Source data

================

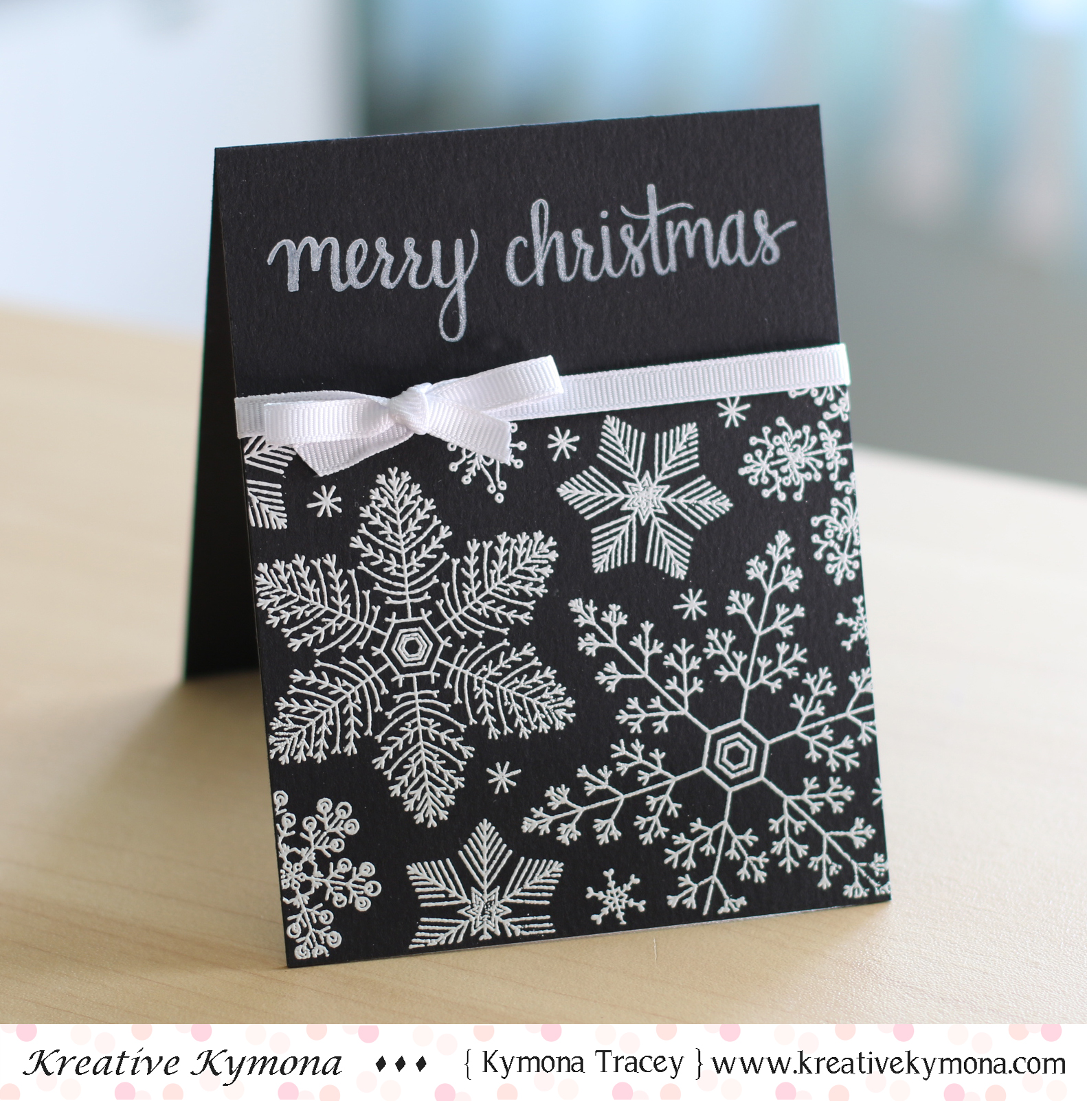 2. I used the new Hero Arts Hand Drawn Snowflakes Bold Prints Stamp Set and stamped it on my black cardstock using Versamark ink.
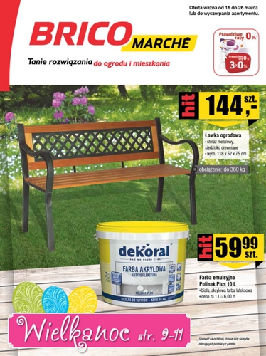 {loadposition linkBricomarche} Nowa gazetka promocyjna Bricomarche. Polecane promocje z gazetki Bricomarche: Ławka ogrodowa - 144 zł. Farba emulsyjna Dekoral Polinak Plus 10 L - 59,99 zł. Kompakt WC Merida z deską wolnoopadającą - 249 zł. Oferta ważna od…
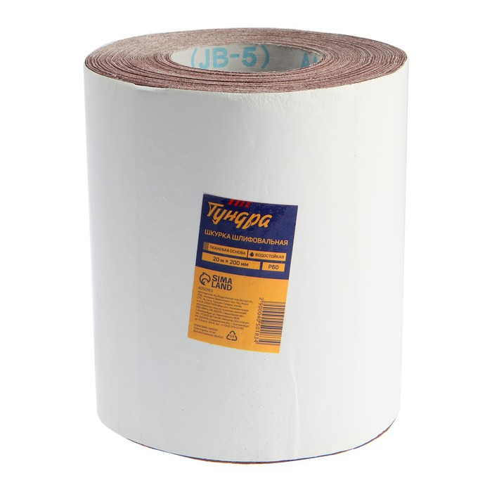 Шкурка шлифовальная в минирулонах ТУНДРА, на тканевой основе водостойкая, 200мм х 20м, Р60
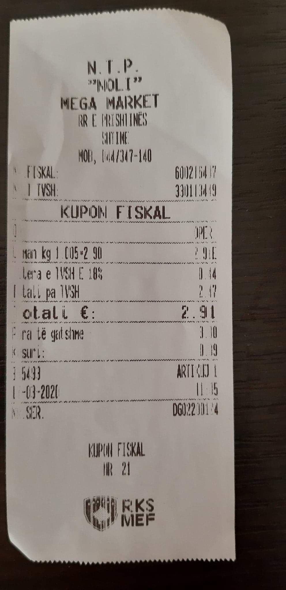 Qytetari, e ka dërguar edhe faturën në adresë të Gazetës Insajderi, ku ka sqaruar se ditë më parë 1 kilogram i limonave ka kushtuar rreth 1.60 deri 1.80 euro, ndërsa sot e ka blerë 2.91 euro.
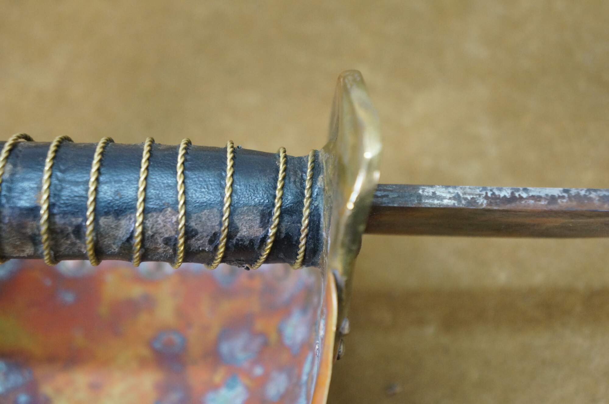 Good Overall - Gentle wear; stains to leather; spots/tarnish/rusting to metal
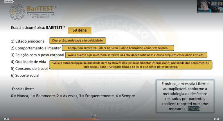 • Instrumentos e Métodos de Precisão: Como integrar a entrevista clínica, os testes projetivos e o uso do BariTEST® — instrumento que otimiza a avaliação de humor, comportamento alimentar, qualidade de vida e suporte social em uma única ferramenta.
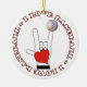 I Love Sign BASEBALL ORNAMENT ASL (AMERICAN SIGN LANGUAGE) SIGN FOR "I LOVE YOU" BASEBALL ON TOP OF PINKIE FINGER, HAND HOLDING HEART
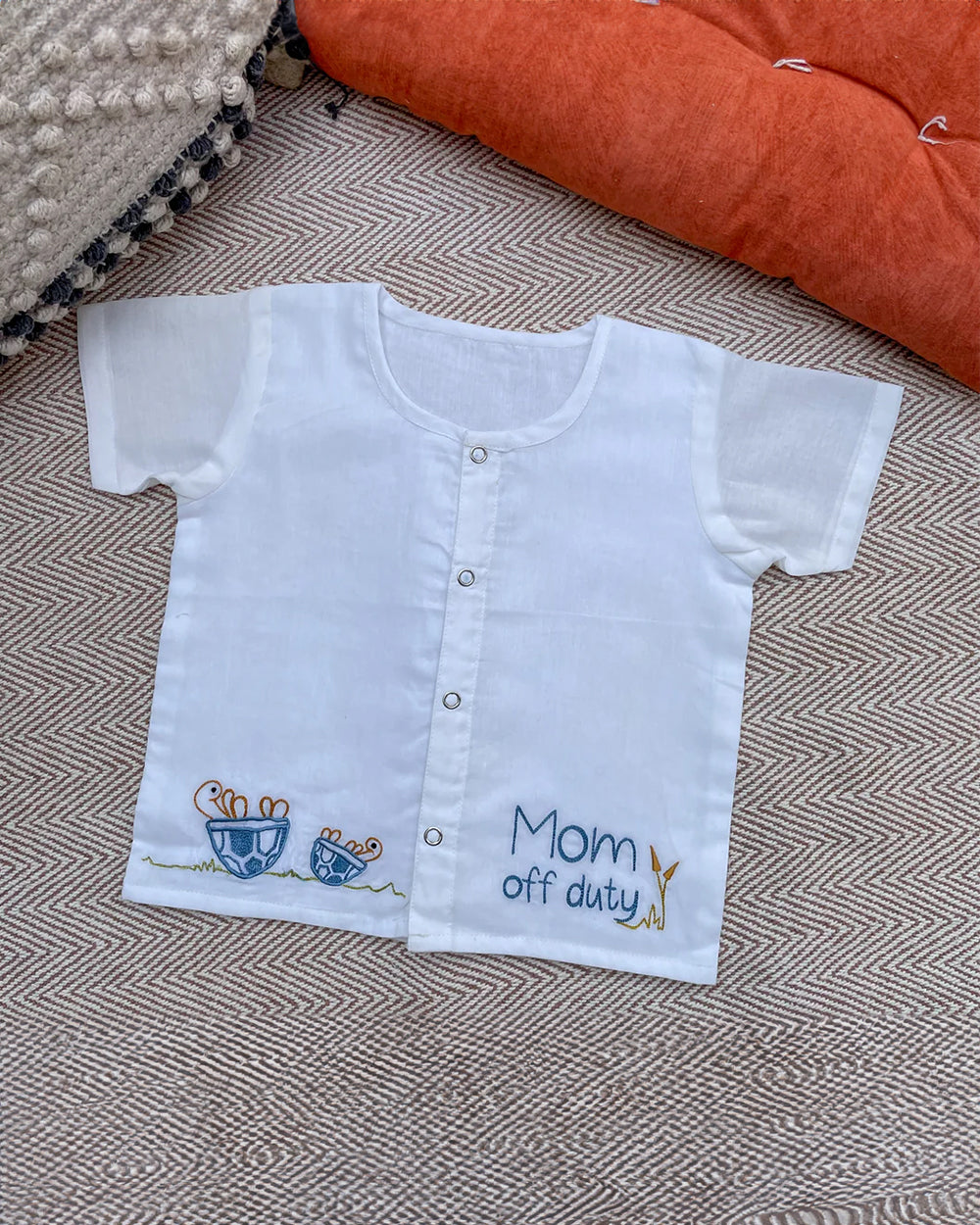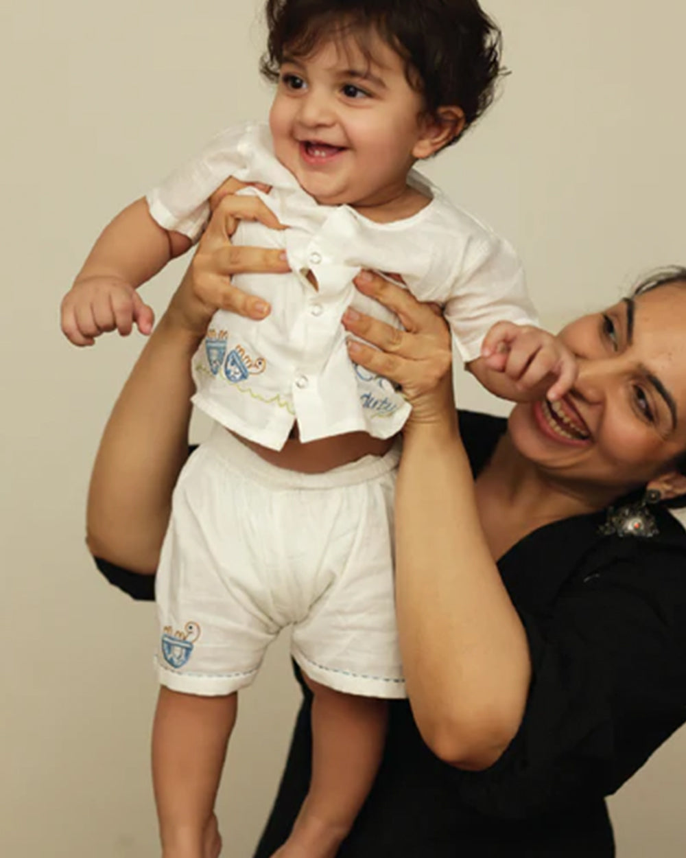 Bhaakur White Turtle Top & Shorts Set-100% GOTS Certified Cotton-Short Sleeves-For Infants
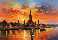 De sierlijke torenspits van Wat Arun verheft zich als een juweel boven de Chao Phraya in Bangkok, glinsterend in ivoor-, goud- en rozetinten als het licht verandert. Impressionistische streken benadrukken ingewikkelde patronen terwijl zachte rimpelingen in de rivier de majesteit weerspiegelen. De lucht is geborsteld met lavendel en koraal, waardoor de tempel een stralende gloed krijgt. Dit kunstwerk brengt zowel spirituele eerbied als het bruisende leven van de rivieroevers van de stad over, waarbij sereniteit en energie samenkomen in één lichtgevend tafereel.
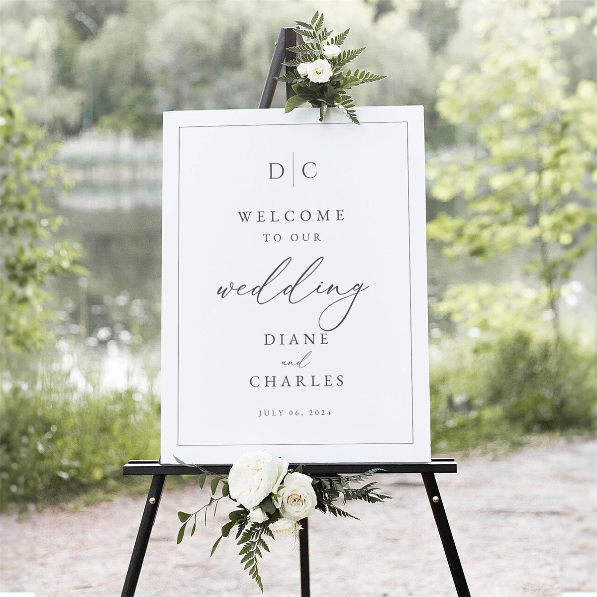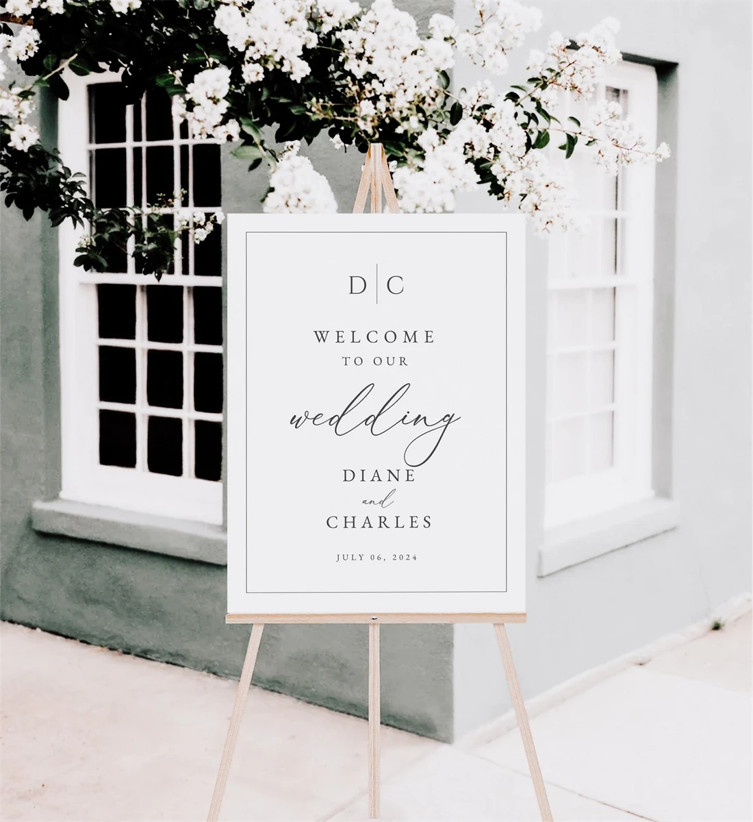 Wedding Welcome Sign Template, Monogram & Border,Canva

================

> **PROBLEM REQUIREMENTS**: Every entry above should be duplicated exactly. Do not include the images.

> **ANSWER BOX**:
 2. I used the new Hero Arts Hand Drawn Snowflakes Bold Prints Stamp Set and stamped it on my black cardstock using Versamark ink.
 {loadposition linkBricomarche} Nowa gazetka promocyjna Bricomarche. Polecane promocje z gazetki Bricomarche: Ławka ogrodowa - 144 zł. Farba emulsyjna Dekoral Polinak Plus 10 L - 59,99 zł. Kompakt WC Merida z deską wolnoopadającą - 249 zł. Oferta ważna od…
 Шкурка шлифовальная в минирулонах ТУНДРА, на тканевой основе водостойкая, 200мм х 20м, Р60
 Qytetari, e ka dërguar edhe faturën në adresë të Gazetës Insajderi, ku ka sqaruar se ditë më parë 1 kilogram i limonave ka kushtuar rreth 1.60 deri 1.80 euro, ndërsa sot e ka blerë 2.91 euro.
 Good Overall - Gentle wear; stains to leather; spots/tarnish/rusting to metal
 • Instrumentos e Métodos de Precisão: Como integrar a entrevista clínica, os testes projetivos e o uso do BariTEST® — instrumento que otimiza a avaliação de humor, comportamento alimentar, qualidade de vida e suporte social em uma única ferramenta.
 I Love Sign BASEBALL ORNAMENT ASL (AMERICAN SIGN LANGUAGE) SIGN FOR "I LOVE YOU" BASEBALL ON TOP OF PINKIE FINGER, HAND HOLDING HEART
 Bhaakur White Turtle Top & Shorts Set-100% GOTS Certified Cotton-Short Sleeves-For Infants
 De sierlijke torenspits van Wat Arun verheft zich als een juweel boven de Chao Phraya in Bangkok, glinsterend in ivoor-, goud- en rozetinten als het licht verandert. Impressionistische streken benadrukken ingewikkelde patronen terwijl zachte rimpelingen in de rivier de majesteit weerspiegelen. De lucht is geborsteld met lavendel en koraal, waardoor de tempel een stralende gloed krijgt. Dit kunstwerk brengt zowel spirituele eerbied als het bruisende leven van de rivieroevers van de stad over, waarbij sereniteit en energie samenkomen in één lichtgevend tafereel.
 Wedding Welcome Sign Template, Monogram & Border,Canva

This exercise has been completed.